“What the—what the—?” And as the old man, purple with rage, let off a string of unstudied profanity, both girls put their fingers to their ears.
“Let’s know when you’ve blown off steam, dad,” said Clytie, “then we’ll listen to you again.”
At last old Calmour, seeing no fun in cursing without an audience, and being, moreover, quite blown, desisted, the resumed thread of his wrath taking the shape of rumbling growls. He would teach that blanked, stuck-up jackanapes—keeping wild beasts to attack his girls on a public road. He didn’t care this or that for any blanked Wagram, even if they owned half the county. He’d knock a thousand pounds damages out of them for that little job. He’d put it in his solicitors’ hands at once, he would, by so and so.
“You’ll do nothing of the sort, dad,” said Clytie. “We’ve got a much better plan than that.”
“Oh, you have, have you? And what is it?”
“Not going to tell you—not yet. Leave it to me, and—keep quiet.”

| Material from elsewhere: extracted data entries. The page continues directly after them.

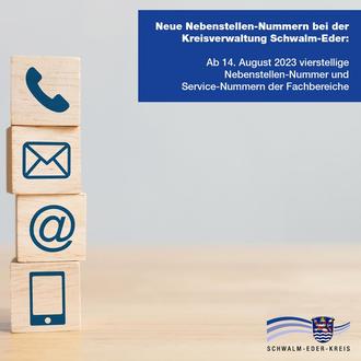 Die Kreisverwaltung Schwalm-Eder bittet darum, ab 14. August die neuen Nebenstellen-Nummern zu verwenden. Die neuen Nebenstellen-Nummern der Mitarbeiterinnen und Mitarbeiter der Kreisverwaltung Schwalm-Eder sind auf der Homepage unter www.schwalm-eder-kreis.de/mitarbeitende oder unter www.schwalm-eder-kreis.de/service ab 14. August aktualisiert und einsehbar.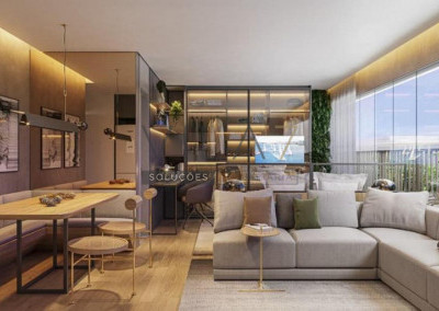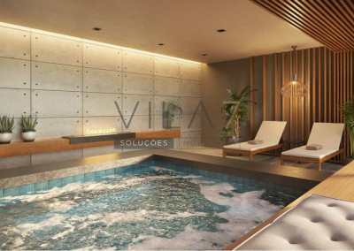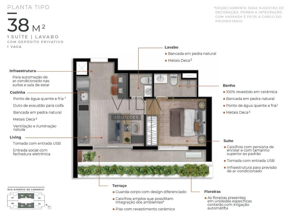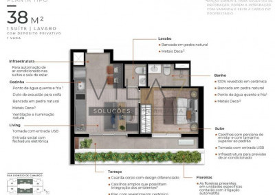 Apartamento 38m², 14º andar, 1 suíte, 1 lavabo, sacada com floreira, infra para ar condicionado, porta com fechadura eletrônica, 1 vaga de garagem, 1 depósito privativo. Espaço comum: piscina aquecida, piscina descoberta, piscina infantil, saúna, 2 churrasqueiras, salão de festas, espaço vip para convidados com piscina e churrasqueira, espaço pet, bicicletário, academia, coworking, car point.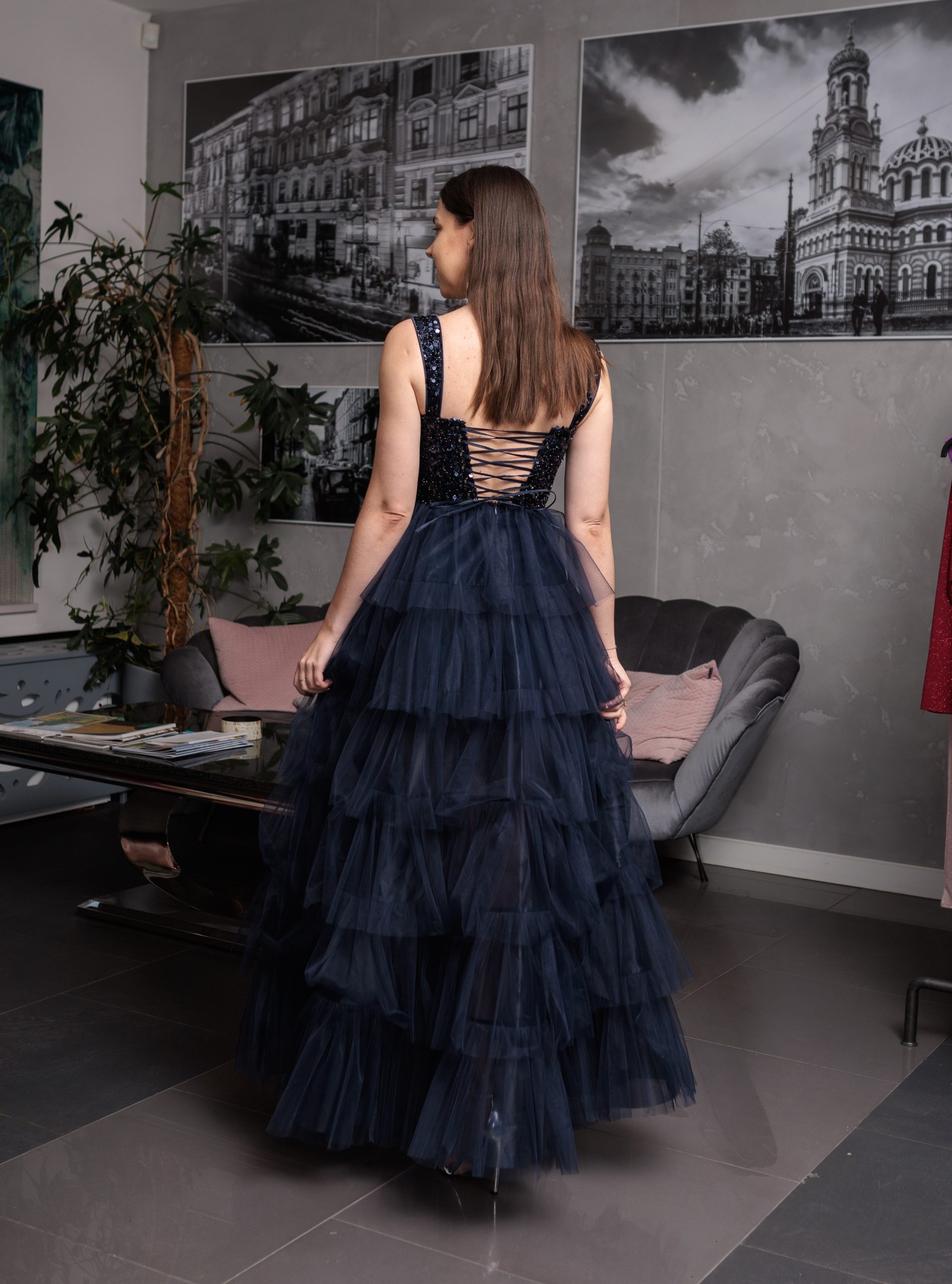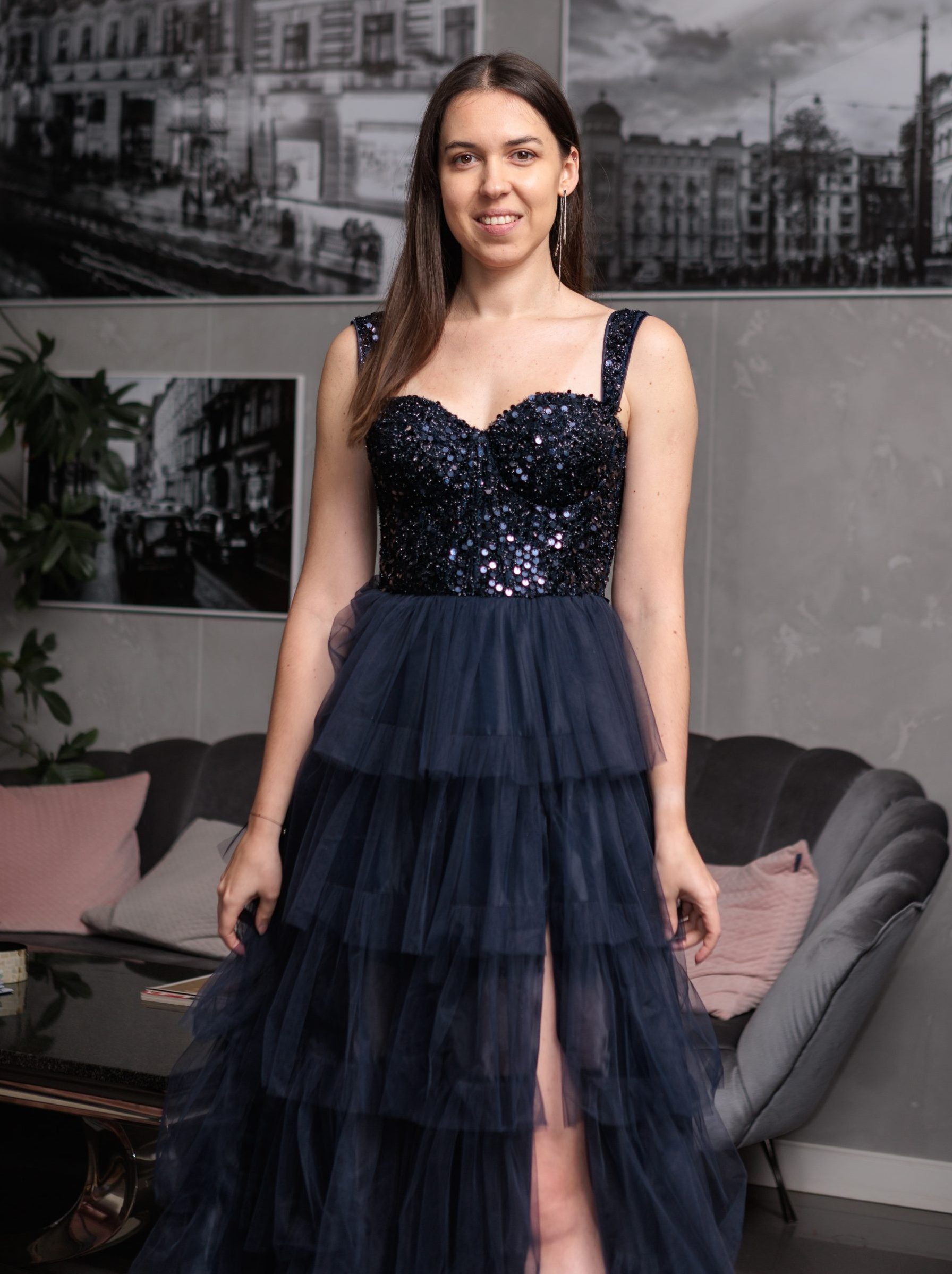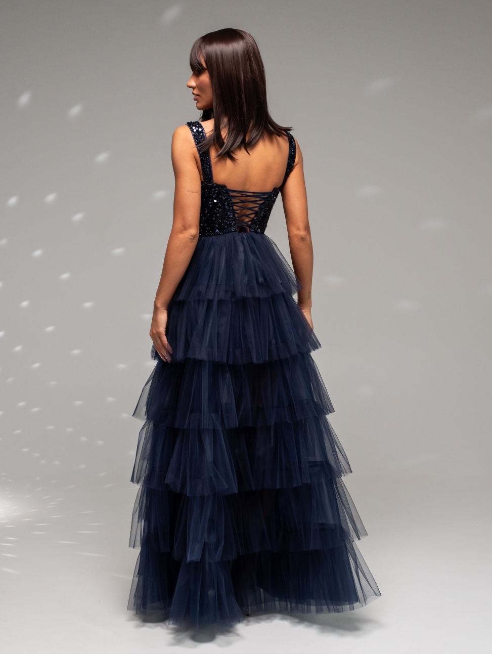 Efektowna gorsetowa, tiulowa sukienka maxi z falbanami. Sukienka posiada dopasowaną, zdobioną cekinami górę wzmacnianą fiszbinami. Lekko pogrubione ramiączka. Wiązaniem na plecach można idealnie dopasować rozmiar do sylwetki. Od talii sukienka jest lekko rozkloszowana dając efekt księżniczki. Dół wykonany z warstw tiulu naszytych w formie falbanek. Sukienka posiada również efektowne, głębokie rozcięcie na nogę. Krótsza podszewka nadaje lekkości sukience.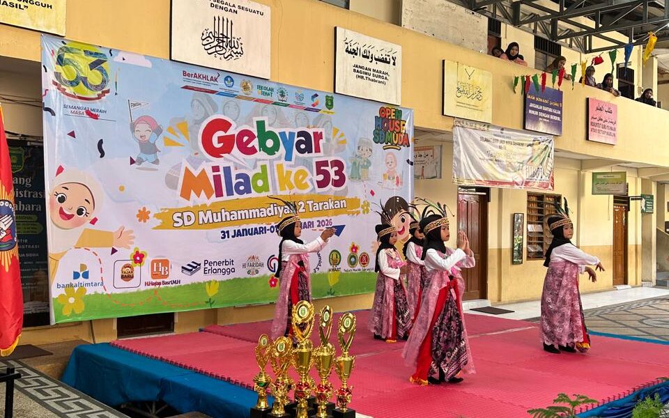 Ajang Lomba Tari Kreasi Open House ke 5 dalam rangka Milad SD Muhammadiyah 2 Tarakan ke 53TARAKAN=== Sabtu, 31 Januari 2026, Suasana ceria dan penuh semangat menyelimuti lingkungan SD Muhammadiyah 2 Tarakan pada kegiatan Open House ke-5 yang digelar baru-baru ini. Acara tahunan ini sekaligus menjadi puncak perayaan Milad ke-53 sekolah tersebut, yang berhasil menyedot antusiasme ratusan peserta dari berbagai kalangan.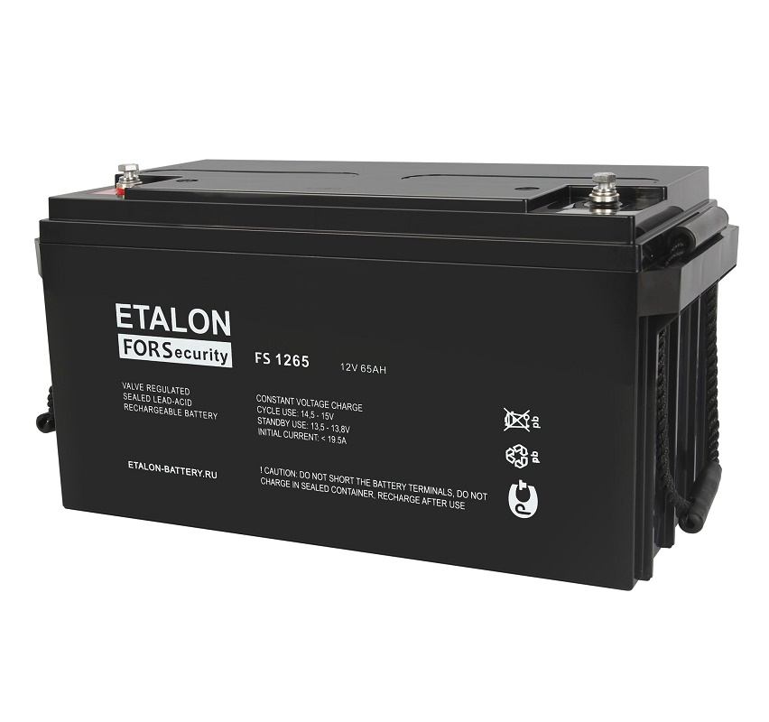 Аккумулятор ETALON FS 1265 герметичный свинцово-кислотный (12 В/65 Ач); напряжение 12 В; ёмкость 65 Ач; -15...+50°C; 350*166*179 мм; 19,2 кг.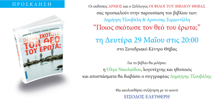 Οι εκδόσεις «Αρμός» και ο σύλλογος «Οι Φίλοι του Βιβλίου Θήβας» σας προσκαλούν στην παρουσίαση του βιβλίου των Δημήτρη Τζουβάλη και Αρσινόης Σερμιντζέλη «Ποιος σκότωσε τον θεό του έρωτα;» τη Δευτέρα 29 Μαΐου στις 20.00 στο Συνεδριακό Κέντρο Θήβας.

Again he grumbled and swore, but Clytie’s equanimity was proof against such little amenities. She was not going to let her father into their scheme only to have him giving it away in his cups, in this or that saloon bar about the place, not she. At last, drowsy with the combined warmth of the day, his own vehemence, and, incidentally, the liquor he had imbibed, he subsided on a sofa, and snored.
He did not look lovely as he lay there, open-mouthed and breathing stertorously, his grey hair all touzled about his red and bloated face. It was hard to realise that he could be the father of these two very attractive girls, yet in his younger days he had been a good-looking man enough. But the effects of poverty and domestic worry, and drink taken to drown the care inseparable therefrom, had made him—well, what he was.